Jackie Burr, Instructor

English 2010

May 8, 2018

Autism and Air Pollution

In “Air Toxics in Relation to Autism Diagnosis, Phenotype, and Severity in a U.S.

Family-Based Study” author Amy E. Kalkbrenner states that there is a relation between

air pollution and autism. She claims that especially the gases carbon disulfide and

chlorobenzene have a positive correlation with autism. I say that the claim of air

pollution causing autism is not true. According to the research I conducted, air pollution

only correlates with respiratory problems. Respiratory symptoms such as coughing,

difficulty breathing, and respiratory damage are all results of air pollution. The only

exception is when lead gets into the air. The Environmental Protection Agency states

that when a child is exposed to lead pollution, the worst that can happen is a learning

deficit, but the learning deficit does not go as far as autism. Wendee Nicole also

conducted a study on whether prenatal exposure to air pollution can cause autism, and

she concluded “no associations were found between presence of autistic traits and

prenatal exposure to any of the air pollutants.”

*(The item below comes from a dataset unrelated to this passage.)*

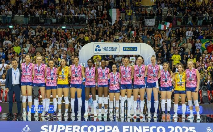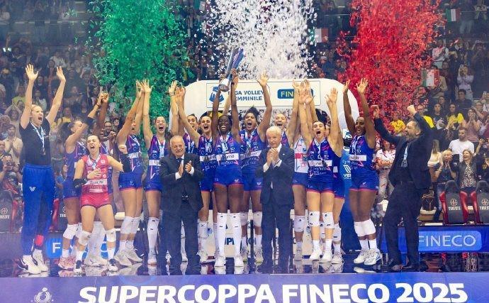 10月18日,2025意大利女排超级杯:米兰3-2(18-25、25-22、25-20、13-25、15-12)力克科内利亚诺,结束了后者自2019年以来的霸业并夺得俱乐部首个超级杯。埃格努30分(决胜局独得10分)荣膺MVP、拉涅尔14分,哈克32分、西拉11分、朱婷10分(37扣9中1拦)。科内利亚诺在国内赛事连夺18个冠军,超级杯7连冠纪录被终结,自2019年2月以来在国内“争冠赛”未让冠军旁落的金身被破。
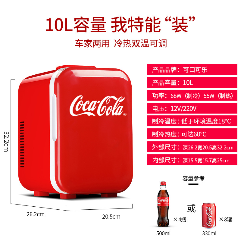 코카콜라 차량용 냉장고 미니 냉장고 소형 차량 및 가정용 화장품 냉장고 기숙사용 냉장고 10L 해외배송

It is difficult to determine that air pollution is the cause of autism, mainly because

it is a hard variable to isolate, and is only an observational study. You can’t place a

group of pregnant women in a polluted room for 9 months and another group of

pregnant women in a controlled room with clean air for 9 months and compare the

results of the two groups. That type of experiment would be one of the only ways to get
accurate data on this topic, but it is inhumane to stick a group of women into a room for

that extended period of time. Kalkbrenner may have gotten results that showed

correlation between autism and air pollution, but those results may be inaccurate

because of the inability to isolate variables.